Bu haftaki konuğumuz Ömer Gürsoy.’’Hacı Velilerin Ömer’’ diye tanınan Ömer beye,geçmişi,bugünü ve geleceği sorduk.Bizler sohbetten zevk aldık,inşallah siz de istifade edersiniz…
-Ömer bey kısaca kendinizi tanıtır mısınız?

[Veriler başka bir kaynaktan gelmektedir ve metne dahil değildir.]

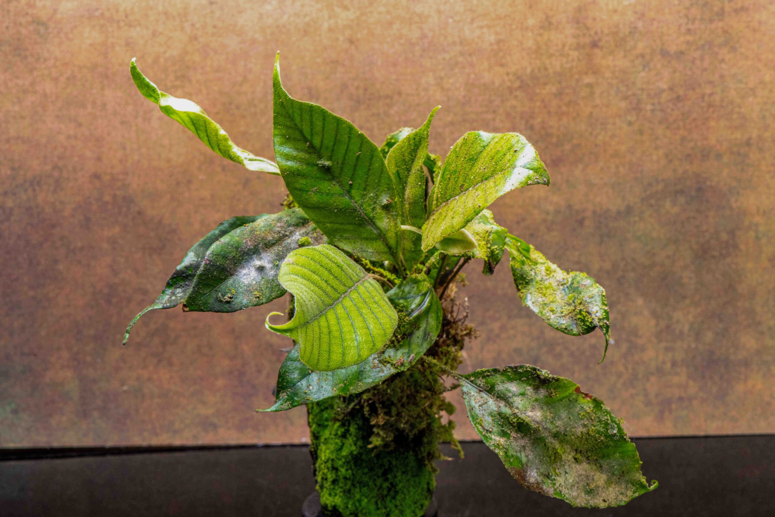 This particular specimen is mounted on a tree fern substrate—about eight inches long—and expertly moss-covered, enhancing both its aesthetic and functional qualities. The bark mount provides excellent drainage and air flow around the rhizome, mimicking its natural Epiphytic habitat while making it perfect for terrariums or mounted displays.

-Öncelikle sizlere çok teşekkür ederim.Bizleri hatırlamanız,ziyaret etmeniz ,fikirlerimizi almanız güzel bir davranış.1936 Şuhut doğumluyum.Babam Halis Gürsoy ,Hacı Velilerden Hacı Ali Gürsoy’un oğludur.Annem Şerife Hacer hanım ise Ali Agah Efendinin kızıdır.Evimiz Yalı Mahallesinde idi.İki kardeşiz.Kız kardeşim Beyhan hanım, rahmetli Osman Nuri Özenç’in eşidir.İlkokulu Zaferyolu’nda okudum.Şevki beyde,Müfide hanımda okuduk.Biliyorsunuz Zaferyolu İlkokulu kasabamızın en eski ve ilk açılan okuludur.Çok kaliteli öğretmen kadrosu ile nesillerin yetişmesine katkıda bulunmuştur.Biz orada okurken Kurtuluş İlkokulu açıldı.İlkokulu bitirdikten sonra ortaokul dönemi gelip çattı.Ben ailenin tek erkek çocuğu olduğum için Afyon’a gitmem mümkün değildi.Çünkü Afyon’da yatılı okumak gerekiyordu.Babamın dükkanında çalışıyordum.Mağazamız bakkaliye,nalburiye,hırdavat ve tuhafiye üzerineydi.Büyük Caminin karşısında idi.Bir müddet aradan sonra Şuhut Ortaokulu açıldı.Bizler sevindik ve hemen ortaokula yazıldık.Fakat dükkanda babamın benden başka yardımcısı olmadığı için ortaokula devam edemedim.
-Gezek arkadaşlarınız kimlerdi?
-Samimi arkadaşlarım Kerim Eroğlu,Mustafa Şahin (İğdişoğlu),Tahsin Uysal,Sabri Gürsoy,Fehmi Tuncay,Remzi Aras.Bu arkadaşlarımla gezek yapardık,beraber gezerdik.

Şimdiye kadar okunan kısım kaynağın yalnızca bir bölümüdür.